[Dataset records]:
──────────────────────────────
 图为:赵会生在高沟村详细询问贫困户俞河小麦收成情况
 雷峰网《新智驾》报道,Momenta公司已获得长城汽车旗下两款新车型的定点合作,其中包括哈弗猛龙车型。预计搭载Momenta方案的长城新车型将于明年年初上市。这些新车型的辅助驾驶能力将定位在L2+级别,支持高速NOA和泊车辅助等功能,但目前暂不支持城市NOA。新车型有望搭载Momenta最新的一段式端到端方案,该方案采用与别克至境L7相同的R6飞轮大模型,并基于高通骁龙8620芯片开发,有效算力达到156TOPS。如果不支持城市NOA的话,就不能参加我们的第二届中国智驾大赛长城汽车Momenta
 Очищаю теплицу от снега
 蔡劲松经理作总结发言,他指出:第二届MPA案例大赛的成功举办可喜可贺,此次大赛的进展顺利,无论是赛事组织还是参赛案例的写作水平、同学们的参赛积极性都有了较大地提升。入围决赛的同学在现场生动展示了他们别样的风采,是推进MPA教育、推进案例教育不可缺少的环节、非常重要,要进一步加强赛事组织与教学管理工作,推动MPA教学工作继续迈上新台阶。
──────────────────────────────
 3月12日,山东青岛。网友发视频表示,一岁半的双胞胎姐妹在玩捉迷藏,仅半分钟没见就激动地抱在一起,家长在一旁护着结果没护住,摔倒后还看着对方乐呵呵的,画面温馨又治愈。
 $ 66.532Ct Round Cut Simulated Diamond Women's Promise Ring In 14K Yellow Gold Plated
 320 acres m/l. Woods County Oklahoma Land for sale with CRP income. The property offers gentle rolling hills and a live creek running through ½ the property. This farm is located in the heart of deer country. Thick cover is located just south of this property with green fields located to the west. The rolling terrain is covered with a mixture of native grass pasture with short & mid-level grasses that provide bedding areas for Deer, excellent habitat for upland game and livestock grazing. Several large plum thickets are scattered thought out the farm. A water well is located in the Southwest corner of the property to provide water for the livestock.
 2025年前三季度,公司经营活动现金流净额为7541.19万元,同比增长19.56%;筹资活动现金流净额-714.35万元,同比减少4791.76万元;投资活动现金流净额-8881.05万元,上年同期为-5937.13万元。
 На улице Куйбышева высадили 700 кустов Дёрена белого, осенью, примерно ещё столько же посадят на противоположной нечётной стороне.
──────────────────────────────
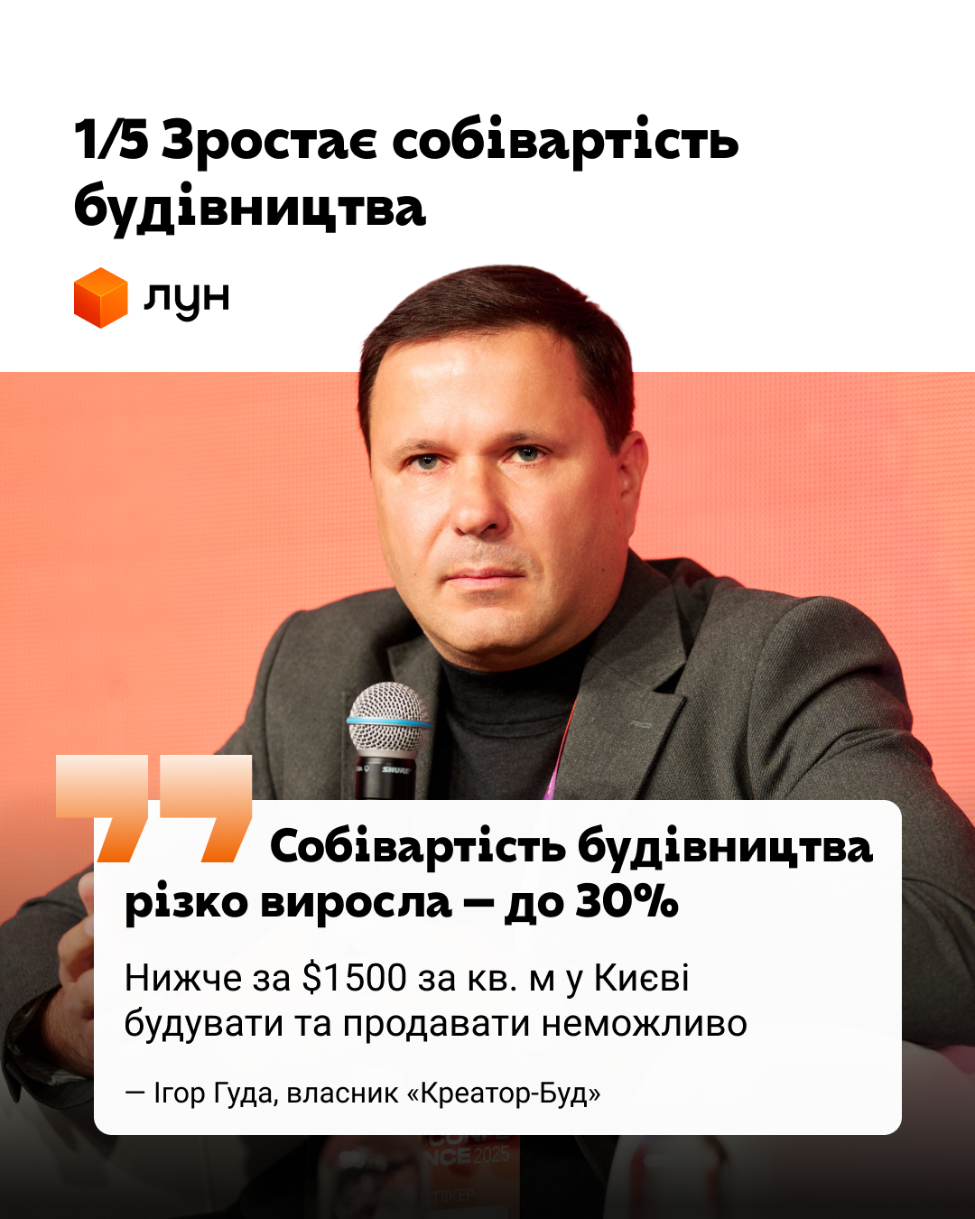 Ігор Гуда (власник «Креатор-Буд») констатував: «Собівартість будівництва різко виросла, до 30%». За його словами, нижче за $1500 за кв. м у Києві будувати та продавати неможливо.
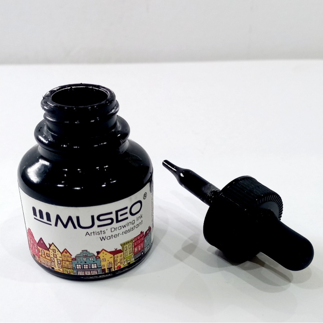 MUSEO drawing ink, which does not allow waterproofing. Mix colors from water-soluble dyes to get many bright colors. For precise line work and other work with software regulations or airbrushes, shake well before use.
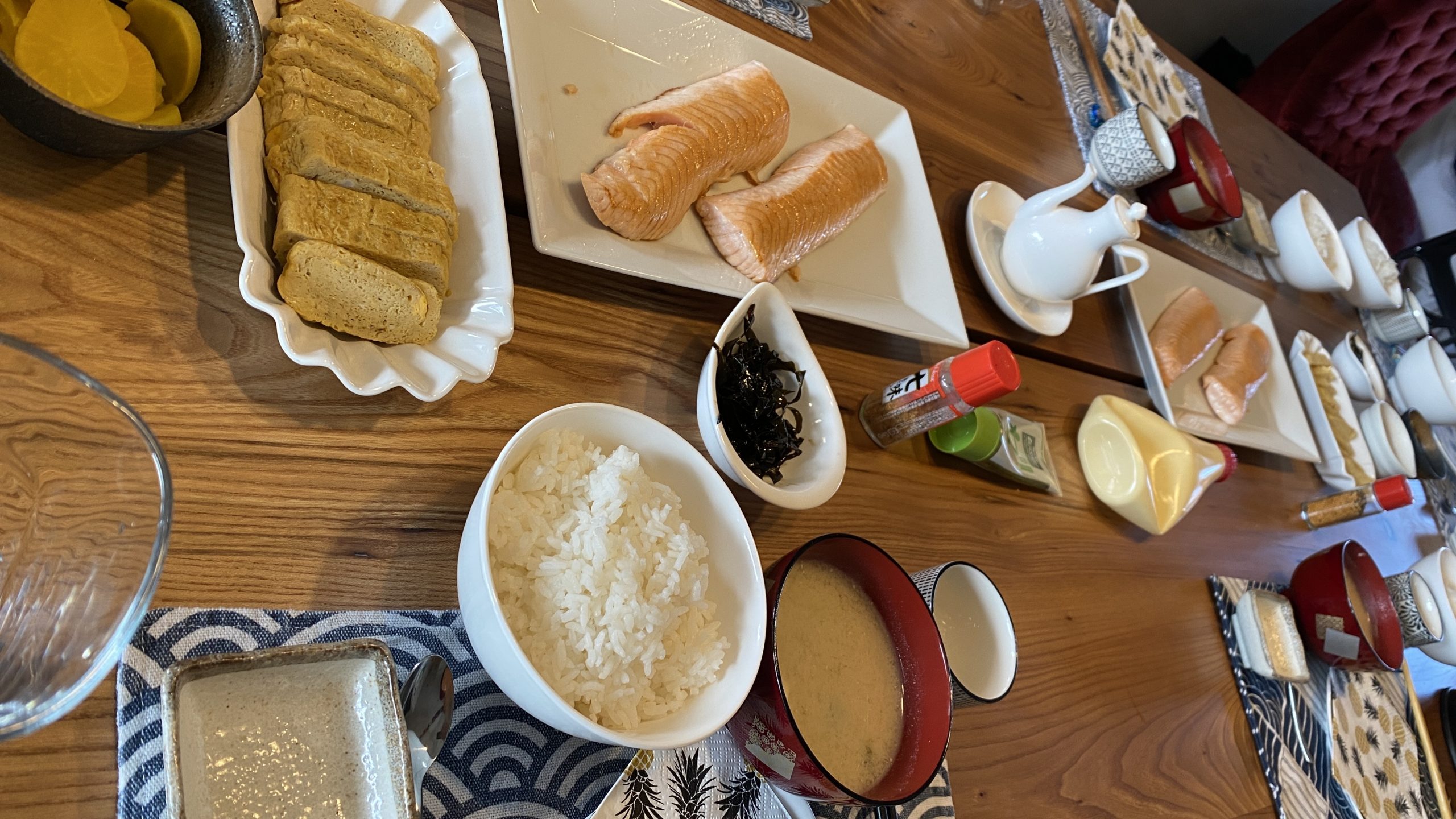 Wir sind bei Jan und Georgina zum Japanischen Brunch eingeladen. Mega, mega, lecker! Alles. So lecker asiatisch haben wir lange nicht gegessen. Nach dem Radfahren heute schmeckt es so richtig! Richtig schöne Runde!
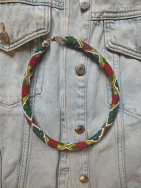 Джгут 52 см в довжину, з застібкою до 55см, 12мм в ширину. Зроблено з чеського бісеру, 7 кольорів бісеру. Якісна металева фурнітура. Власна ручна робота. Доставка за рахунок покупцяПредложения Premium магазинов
──────────────────────────────
[To do]:
The output should be exactly the lines above from the line containing "Очищаю теплицу от снега" to the line containing "蔡劲松经理作总结发言,他指出", inclusive, with no other lines.

[Final answer]:
 Очищаю теплицу от снега
 蔡劲松经理作总结发言,他指出:第二届MPA案例大赛的成功举办可喜可贺,此次大赛的进展顺利,无论是赛事组织还是参赛案例的写作水平、同学们的参赛积极性都有了较大地提升。入围决赛的同学在现场生动展示了他们别样的风采,是推进MPA教育、推进案例教育不可缺少的环节、非常重要,要进一步加强赛事组织与教学管理工作,推动MPA教学工作继续迈上新台阶。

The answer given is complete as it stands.